**Work required:** Please output exactly the part of the records below that opens with the line containing "13. LINE KEYS: Enable" and closes with the line containing "- ヨーロッパでは、 イギリス→ロシア→スペイン(メリノ種←羊毛って言われてたけど肉用もある)", both lines included, and nothing else.

**Dataset excerpts:**

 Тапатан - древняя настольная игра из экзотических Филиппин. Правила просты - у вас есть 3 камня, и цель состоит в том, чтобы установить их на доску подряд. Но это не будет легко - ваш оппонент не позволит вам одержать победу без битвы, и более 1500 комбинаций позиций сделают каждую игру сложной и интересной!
==
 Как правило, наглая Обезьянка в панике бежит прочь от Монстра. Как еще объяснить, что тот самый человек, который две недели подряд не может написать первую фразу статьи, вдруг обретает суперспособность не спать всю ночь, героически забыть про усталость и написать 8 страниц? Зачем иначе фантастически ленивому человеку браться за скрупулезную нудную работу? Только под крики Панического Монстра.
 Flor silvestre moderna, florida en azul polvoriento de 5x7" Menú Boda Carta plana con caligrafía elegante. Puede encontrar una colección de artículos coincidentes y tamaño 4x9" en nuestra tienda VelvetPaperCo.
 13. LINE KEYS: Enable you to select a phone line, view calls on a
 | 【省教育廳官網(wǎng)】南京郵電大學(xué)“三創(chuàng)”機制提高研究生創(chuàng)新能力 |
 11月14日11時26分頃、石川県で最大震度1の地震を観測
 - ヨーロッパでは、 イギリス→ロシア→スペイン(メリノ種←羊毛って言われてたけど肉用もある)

**Answer below:**
 13. LINE KEYS: Enable you to select a phone line, view calls on a
 | 【省教育廳官網(wǎng)】南京郵電大學(xué)“三創(chuàng)”機制提高研究生創(chuàng)新能力 |
 11月14日11時26分頃、石川県で最大震度1の地震を観測
 - ヨーロッパでは、 イギリス→ロシア→スペイン(メリノ種←羊毛って言われてたけど肉用もある)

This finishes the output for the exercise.